I don't know what is in the Furnman unit, but the ones I have use a 20 pound torroidal isolation transformer and rather large polypropylene capacitors.
post #28 of 67
Quote:
Originally Posted by PhilS
That's a truism, I think, and it also begs the question. Or maybe it's circular reasoning. But whatever.
I know you are confused.
post #29 of 67
Quote:
Originally Posted by Ferbose
I actually went into the datasheet of the instrument amplifier and calculated its S/N to be 107 dB.
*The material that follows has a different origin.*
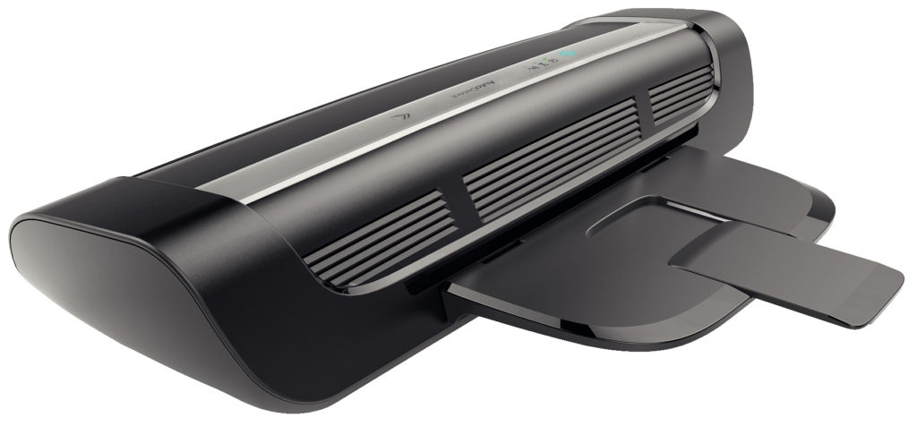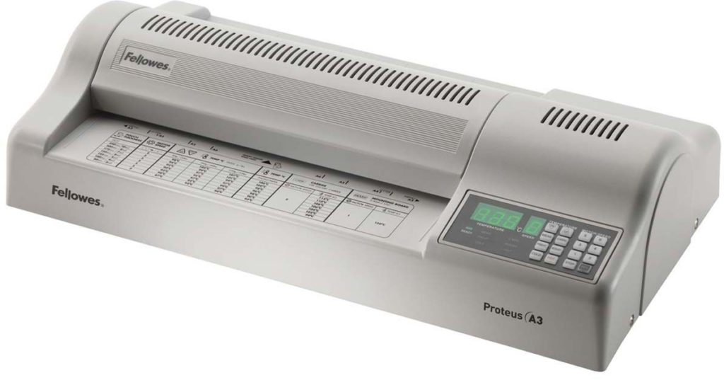 Um excelente laminador que permite processar até 100 folhas de tamanhos até A3 por dia, a taxa de aquecimento é inferior a um minuto, a área de cobertura é de 1 metro por minuto. 6 eixos estão escondidos sob o corpo do dispositivo, que proporcionam aquecimento uniforme e aplicação de polietileno de alta qualidade, e o painel de controle existente permite definir a temperatura e a velocidade desejadas. A espessura do filme de 75 a 250 mícrons é adequada para o trabalho. Apesar da alta qualidade dos produtos, Fellowes Proteus não requer habilidades especiais para trabalhar e, portanto, até um iniciante pode lidar com isso.

107 db is about the volume of a car horn at close range. That means that you would have to have your music turned up pretty doggone loud to even get the noise floor to raise above zero. For all intents and purposes, a 30% improvement on 107 (or 104, depending on how you calculated it) is not discernable at normal listening levels.

See ya
Steve
post #30 of 67
Quote:
Originally Posted by JohnFerrier
I know you are confused.
Yes, you're too sharp for me. Good night.